3 garlic cloves, minced

1 small onion, chopped

1 carrot, chopped fine

1 c. dry white wine

32 oz. chicken or vegetable stock

15-oz. can cannellini beans, rinsed and drained

1 c. sliced zucchini, cut into half moons

2 c. peas

2 c. kale, chopped

1 c. shaved Parmesan

    In a large pot heat 1 tablespoon olive oil over medium heat. Cook garlic and onion, stirring with a wooden spoon, 2 minutes. Add carrots, salt and pepper to taste; cook 2 minutes more. Add white wine and stock, bring to a boil and simmer for 5 minutes. Mix in cannellini beans, chopped kale and zucchini; simmer until vegetables are tender, 5 minutes. Just before serving add peas and Parmesan.

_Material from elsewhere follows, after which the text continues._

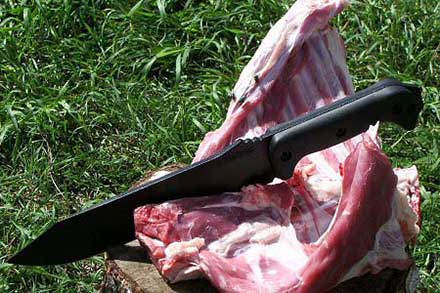 Тут на первое место сразу вышел Компаньон, перемахнул грудину барана в одно движение и легко справился с шеей. Рубка трубчатых костей и обрезка мяса также не вызвали никаких затруднений. Как не крути, а с мясом удобнее работать не слишком длинным ножом. Рубануть позвоничник вдоль Компаньоном не удалось — потребовалось дополнительное ударное воздействие на нож. ТакТул тоже хорошо справлялся с костями и мясом, только его непривычная квадратная форма иногда мешала. Конечно же, мы попробовали в бараньем деле и Боуи — для перерубания позвоночника оказалось достаточно одного удара.

Stir until warmed through.

Avacado Salsa

(makes about 4 cups salsa)
1 c. diced red onion
1 c. cherry tomatoes, cut in half
zest and juice of 1 lime
1/4 c. chopped parsley
 
2 large, ripe avocados, diced
1/2 cup sliced black olives
1/4 tsp salt or to taste
    In a large mixing bowl toss together all but avocado.  Just before serving gently toss in avocado. Excellent with fish, chicken or burgers!